Dia mengucapkan sabda-Nya yang mendorong serta menyemangati, menyembuhkan dan
mengampuni kita (Yes 40:1-3; Yer 31:3). Pada saat Ia mengoreksi kita, Allah
bersabda tanpa menghukum (Yeh 18:31). Selagi kita mendengar suara-Nya, kita
ditarik untuk mengikuti-Nya.
Kita juga tentunya telah mendengar
suara-suara lain yang berusaha untuk “mengacaukan” suara Yesus. Suara Iblis
selalu negatif, betapa banyaknya pun kebenaran yang mungkin digunakan olehnya
sebagai kamuflase. Kebohongan-kebohongannya menyebabkan kegelisahan, kecemasan,
rasa was-was dan sejenisnya. Sebaliknya, suara Allah selalu positif, bahkan
ketika Dia menunjukkan dosa-dosa kita. Kadang-kadang, pemikiran-pemikiran kita sendiri
pun dapat menjadi penghalang bagi kita untuk mendengar suara Yesus; kita dapat
menjadi sedemikian sibuknya dengan berbagai tugas-kewajiban sehari-hari kita
(baik dalam dunia sekular maupun dalam lingkup gerejawi), sehingga kita luput
mendengar suara-Nya.
Akan tetapi, sekali kita mendengar suara
Yesus, kita akan mengalami rasa dahaga untuk lebih banyak lagi mendengar
suara-Nya, kita dipenuhi kerinduan untuk mengalami kehadiran-Nya setiap saat.
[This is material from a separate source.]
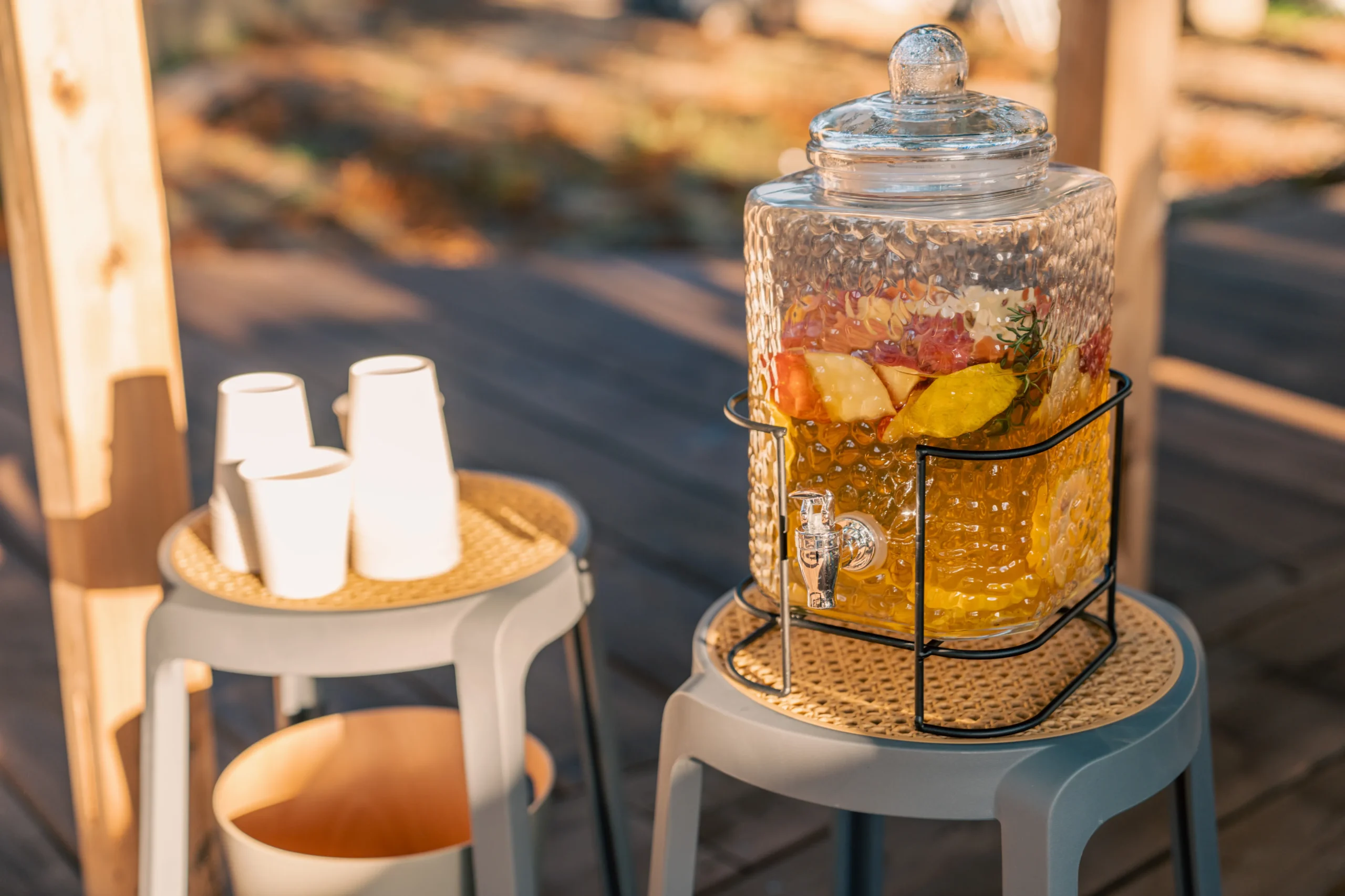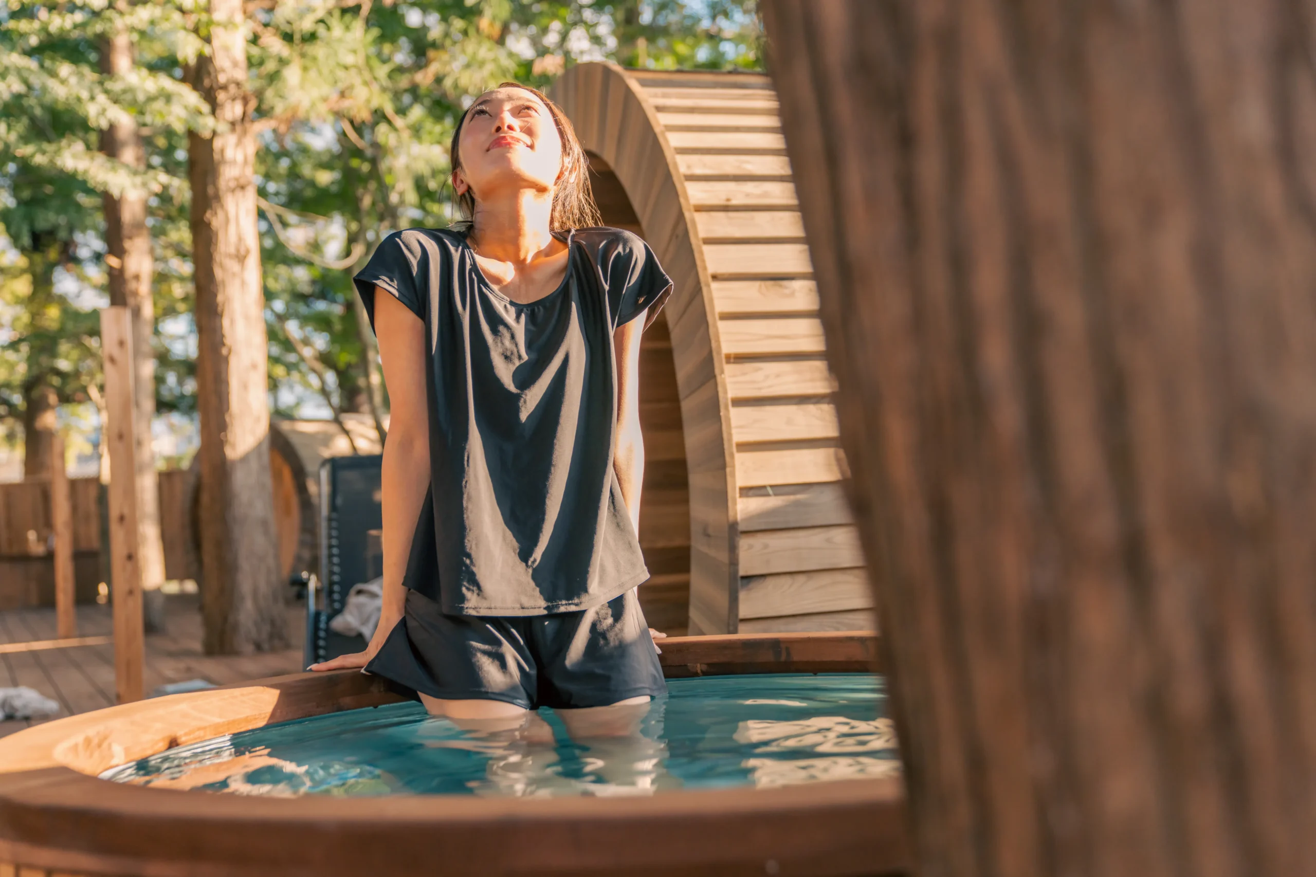 體驗時間為2小時30分鐘,建議可多次循環享受「薪火桑拿 → 井水冷泉 → 休息」的流程。當在桑拿中以自助澆水(ロウリュ)充分出汗後,再投入約15℃的井水冷泉中,全身瞬間被清涼包圍,徹底「整う」。桑拿與冷泉之間的間隔或外氣浴時,別忘了喝一口免費提供的「排毒水」,隨時補充水分。

Kita dapat mendengar suara-Nya dalam liturgi, selagi Dia mendorong kita untuk
bergabung dengan diri-Nya dalam kasih penuh pengorbanan diri-Nya (Ekaristi).
Dia mengajar kita dalam Kitab Suci, menantang cara kita berpikir karena “begitu
‘tinggi’ tingkat pendidikan kita di dunia ini”. Melalui sahabat-sahabat yang sungguh
“caring”, Tuhan juga mengucapkan kata-kata penghiburan bagi kita yang sedang
dilanda kesedihan karena berbagai kesusahan hidup. Bahkan dalam keindahan dan
keteraturan alam ciptaan-Nya, suara-Nya dapat didengar, memanggil-manggil kita
untuk mengangkat hati kita kepada Sang Pencipta langit dan bumi. Oh, betapa
berbahagialah kita mempunyai ‘seorang’ Allah yang selalu siap untuk berbicara
dengan kita!
DOA: Tuhan Yesus, Engkau datang supaya kami
mempunyai hidup, dan mempunyainya dengan berlimpah-limpah. Tuhan, kami sungguh
ingin kehidupan berlimpah seperti yang Engkau janjikan itu. Bukalah telinga
kami agar mampu mendengar suara-Mu. Amin.